Task statement: Write out the records again exactly and exclude the pictures.

Records shown:
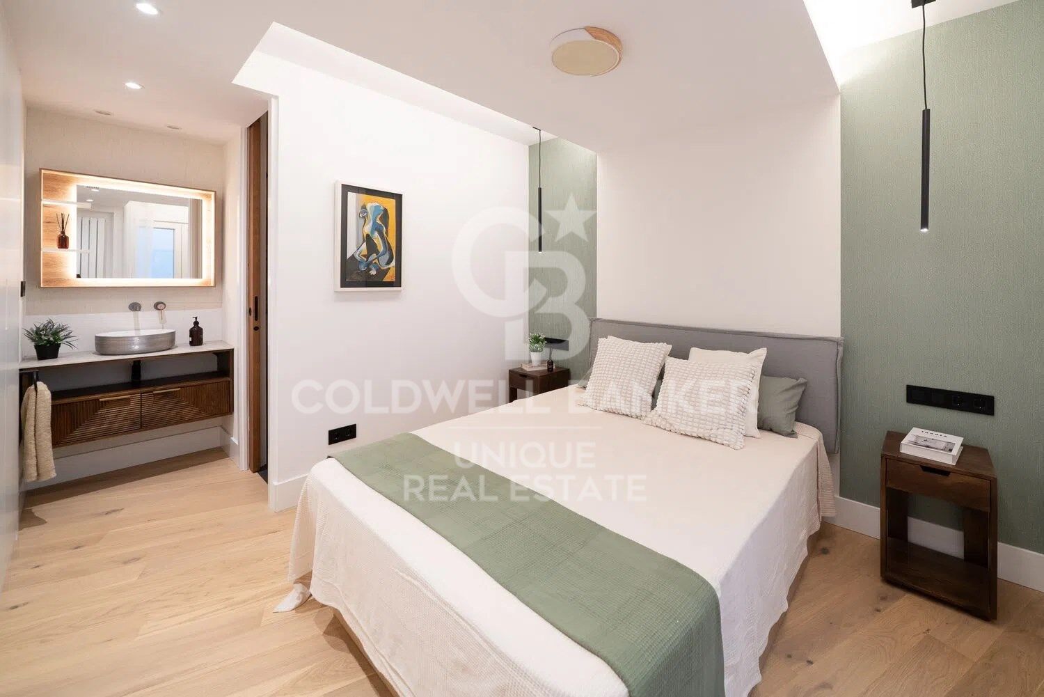 The property is located in a very well preserved building. It is an exterior flat, completely renovated with the highest standards of quality and design. The layout consists of a spacious living room located in front of a historic building, two bedrooms and two bathrooms, one of which is en suite, as well as a living area. The open kitchen is fully furnished and also has a laundry area.
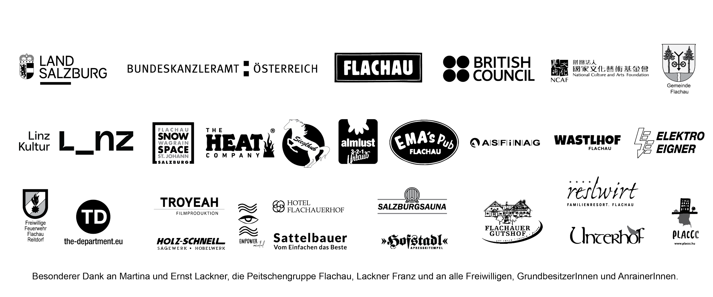 Bundeskanzleramt Österreich, Land Salzburg, British Council, NCAF (National Culture and Arts Foundation), Linz Kultur, Gemeinde Flachau, Tourismus Flachau, Snow Space (Flachau, Wagrain, St. Johann), THE HEAT COMPANY, Sieglhub, Almlust, Ema’s Pub, ASFiNAG, Wastlhof, Elektro Eigner, reslwirt FAMILIENRESORT, EMPOWER, Freiwillige Feuerwehr Flachau/Reitdorf, The Department (TD), TROYEAH Filmproduktion, Holz Schnell, Hotel Flachauerhof, Sattelbauer, Salzburgsauna, Flachauer Gutshof, Hofstadl, Unterhof, Placce, raumarbeiterinnen
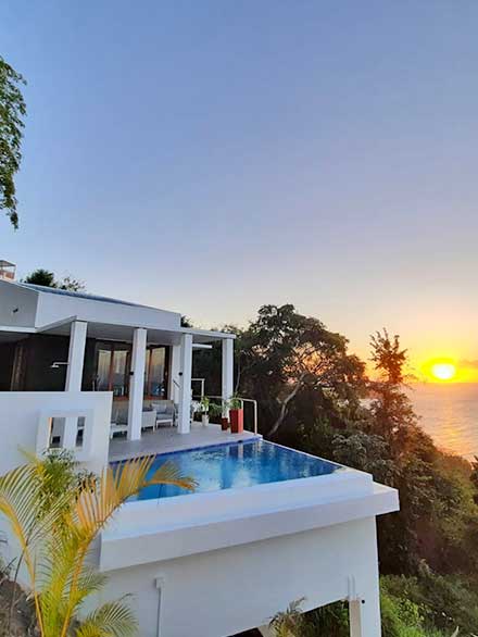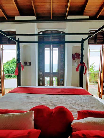 Enjoy a secluded mountain top villa with unhindered views of the Caribbean Sea on one side and vistas of Tobago’s verdant hills and valleys on the other.
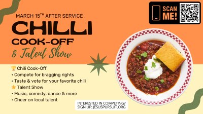 Join us for a fun-filled event that brings great food and amazing talent together! Our Chili Cook-Off & Talent Show is a community celebration where cooks, performers, and spectators all take the spotlight. Sample a variety of homemade chilies, vote for your favorites, and cheer on talented performers as they sing, dance, and entertain. Whether you’re competing, performing, or just coming to enjoy the atmosphere, there’s something for everyone. Expect delicious food, live performances, friendly competition, and plenty of laughs. Bring your friends, bring your family, and join us for a memorable day filled with flavor and creativity. Interested in entering the Chili Cook-Off or Talent Show? Sign-ups are open — we’d love to have you join the fun!
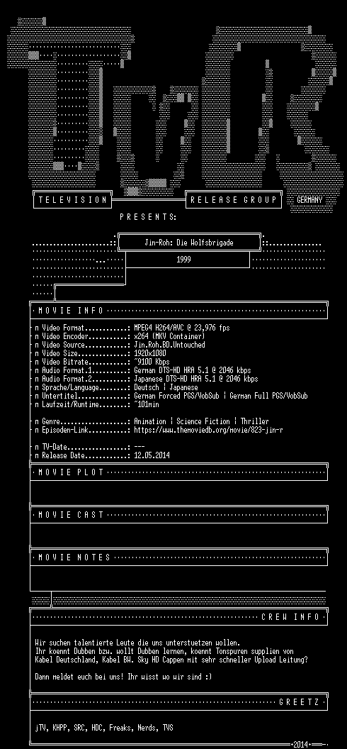 | FiLENAME: | Jin-Roh.Die.Wolfsbrigade.GERMAN.5.1.DL.DTSHD.ANiME.BDRiP.1080p.WS.x264-TvR.mkv |
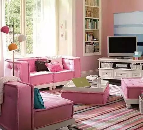 花瓣形的抱枕花边搭配粉嫩的休闲空间,增添了甜美的气息。
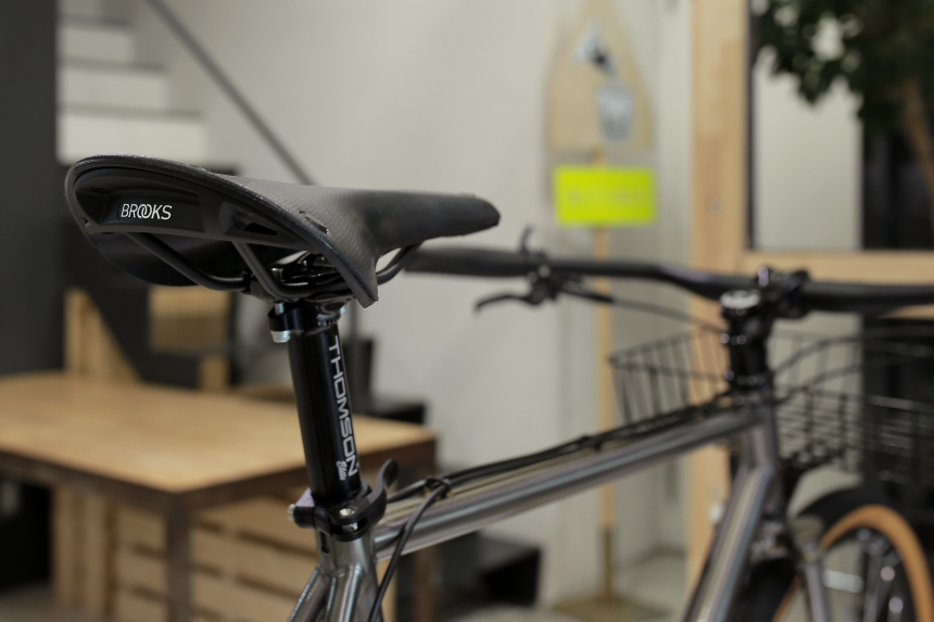 サドルはもはや当店の定番でもあるBROOKS/CAMBIUM All whether C17。汚れにも強いので想定される使用環境でも安心。シートポスト・ステムはブランドを揃えたいのが男心ならば黙ってTHOMSONを採用。MTBが背景にある方であれば尚お誂え向き。
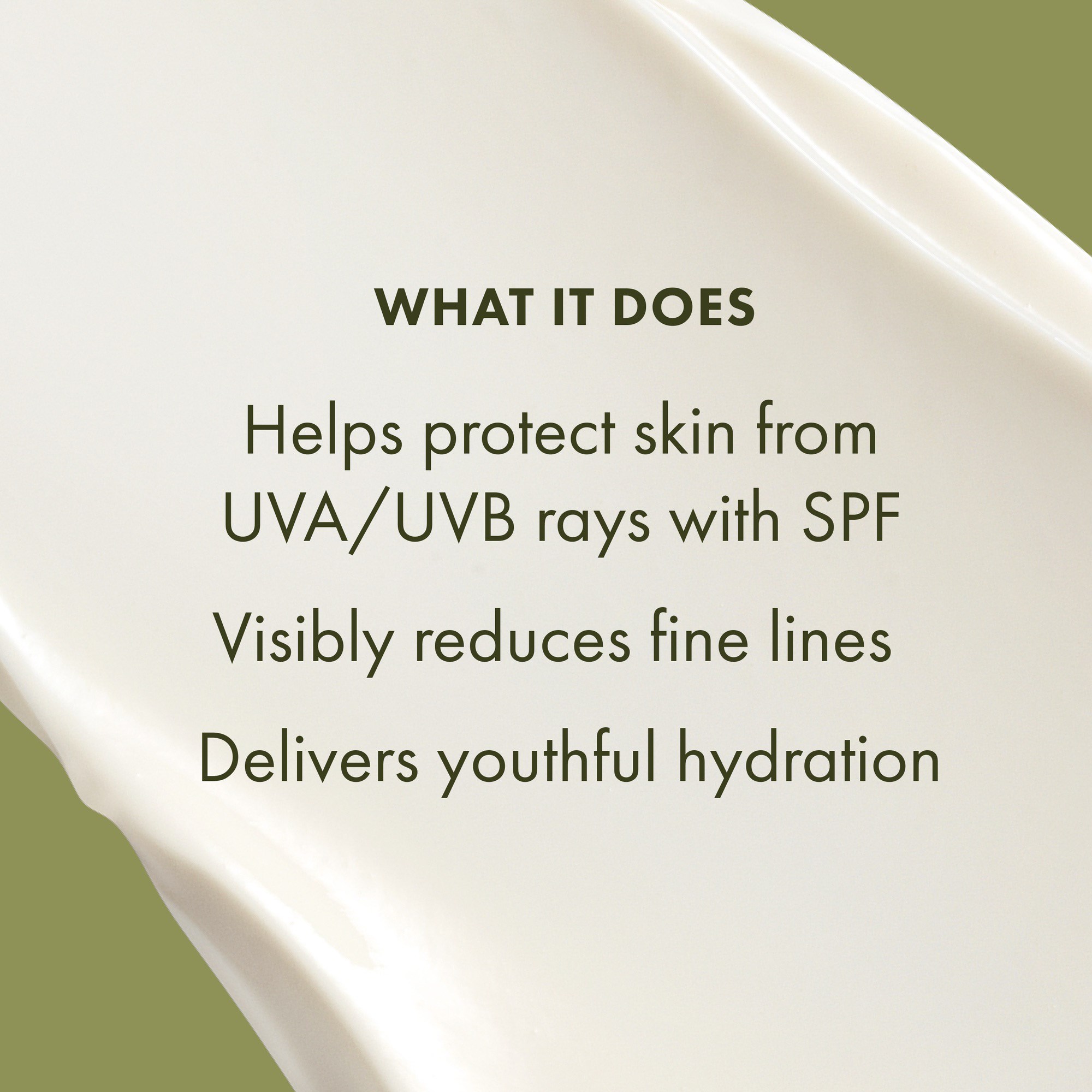 Pozbądź się zmarszczek. Nasz silnie działający krem przeciwzmarszczkowy z Anogeissusem jest wzbogacony o optymalizujący elastynę ekstrakt z nasion kopru, który pomaga widocznie zmniejszyć zmarszczki oraz przedłużający młodość Cassia alata. Krem zapewnia skórze nawilżenie oraz ochronę przed promieniowaniem UV. Rezultat – bardziej długotrwały młody wygląd. Formuła bez składników pochodzenia zwierzęcego* (z wyjątkiem wolnego od okrucieństwa miodu i wosku pszczelego).
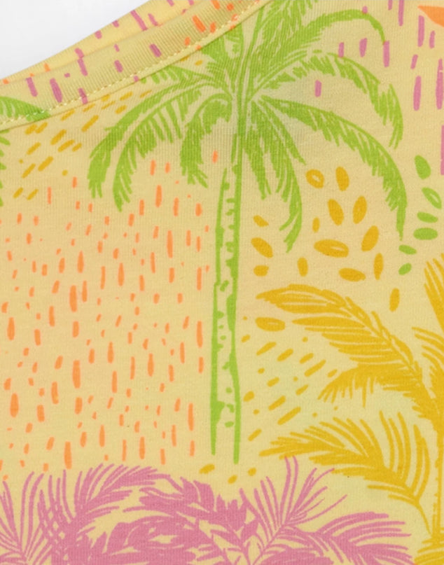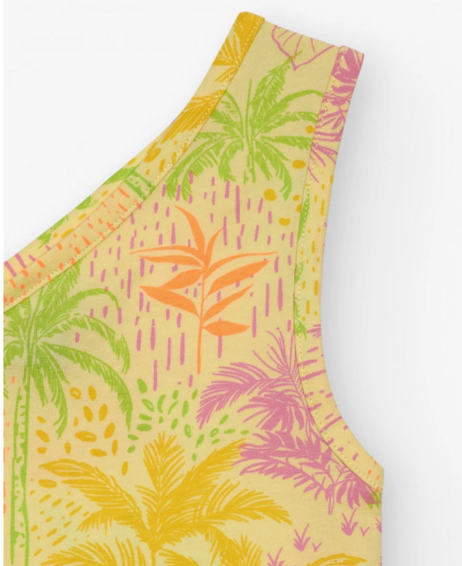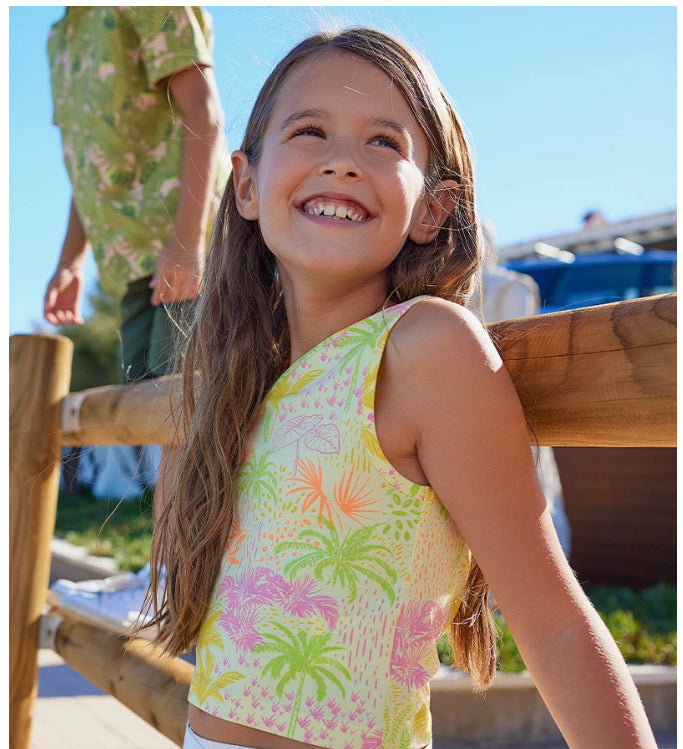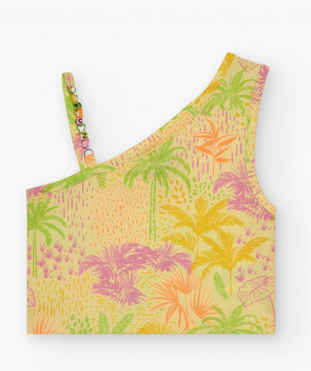 Top para niña de color amarillo con tropical y tirante decorado con cuentas de colores. Falda para niña en color amarillo, con estampado tropical de palmeras y plantas en tonos verdes, rosas y naranjas y cintura elástica.
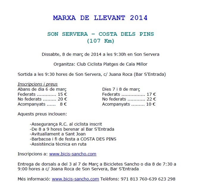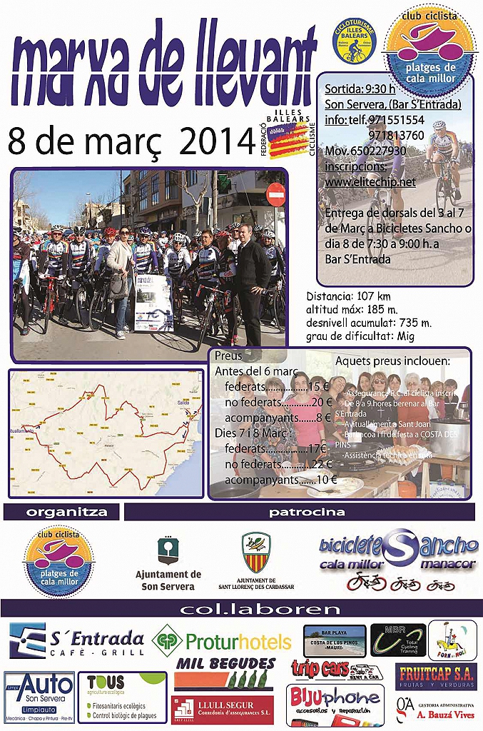 Entrega de dorsals a del 3 al 7 de Març a Bicicletes Sancho o dia 8 de 7:30 a 9:00 hores a c/ Joana Roca de Son Servera, Bar S’Entrada

Solution for this problem:
 The property is located in a very well preserved building. It is an exterior flat, completely renovated with the highest standards of quality and design. The layout consists of a spacious living room located in front of a historic building, two bedrooms and two bathrooms, one of which is en suite, as well as a living area. The open kitchen is fully furnished and also has a laundry area.
 Bundeskanzleramt Österreich, Land Salzburg, British Council, NCAF (National Culture and Arts Foundation), Linz Kultur, Gemeinde Flachau, Tourismus Flachau, Snow Space (Flachau, Wagrain, St. Johann), THE HEAT COMPANY, Sieglhub, Almlust, Ema’s Pub, ASFiNAG, Wastlhof, Elektro Eigner, reslwirt FAMILIENRESORT, EMPOWER, Freiwillige Feuerwehr Flachau/Reitdorf, The Department (TD), TROYEAH Filmproduktion, Holz Schnell, Hotel Flachauerhof, Sattelbauer, Salzburgsauna, Flachauer Gutshof, Hofstadl, Unterhof, Placce, raumarbeiterinnen
 Enjoy a secluded mountain top villa with unhindered views of the Caribbean Sea on one side and vistas of Tobago’s verdant hills and valleys on the other.
 Join us for a fun-filled event that brings great food and amazing talent together! Our Chili Cook-Off & Talent Show is a community celebration where cooks, performers, and spectators all take the spotlight. Sample a variety of homemade chilies, vote for your favorites, and cheer on talented performers as they sing, dance, and entertain. Whether you’re competing, performing, or just coming to enjoy the atmosphere, there’s something for everyone. Expect delicious food, live performances, friendly competition, and plenty of laughs. Bring your friends, bring your family, and join us for a memorable day filled with flavor and creativity. Interested in entering the Chili Cook-Off or Talent Show? Sign-ups are open — we’d love to have you join the fun!
 | FiLENAME: | Jin-Roh.Die.Wolfsbrigade.GERMAN.5.1.DL.DTSHD.ANiME.BDRiP.1080p.WS.x264-TvR.mkv |
 花瓣形的抱枕花边搭配粉嫩的休闲空间,增添了甜美的气息。
 サドルはもはや当店の定番でもあるBROOKS/CAMBIUM All whether C17。汚れにも強いので想定される使用環境でも安心。シートポスト・ステムはブランドを揃えたいのが男心ならば黙ってTHOMSONを採用。MTBが背景にある方であれば尚お誂え向き。
 Pozbądź się zmarszczek. Nasz silnie działający krem przeciwzmarszczkowy z Anogeissusem jest wzbogacony o optymalizujący elastynę ekstrakt z nasion kopru, który pomaga widocznie zmniejszyć zmarszczki oraz przedłużający młodość Cassia alata. Krem zapewnia skórze nawilżenie oraz ochronę przed promieniowaniem UV. Rezultat – bardziej długotrwały młody wygląd. Formuła bez składników pochodzenia zwierzęcego* (z wyjątkiem wolnego od okrucieństwa miodu i wosku pszczelego).
 Top para niña de color amarillo con tropical y tirante decorado con cuentas de colores. Falda para niña en color amarillo, con estampado tropical de palmeras y plantas en tonos verdes, rosas y naranjas y cintura elástica.
 Entrega de dorsals a del 3 al 7 de Març a Bicicletes Sancho o dia 8 de 7:30 a 9:00 hores a c/ Joana Roca de Son Servera, Bar S’Entrada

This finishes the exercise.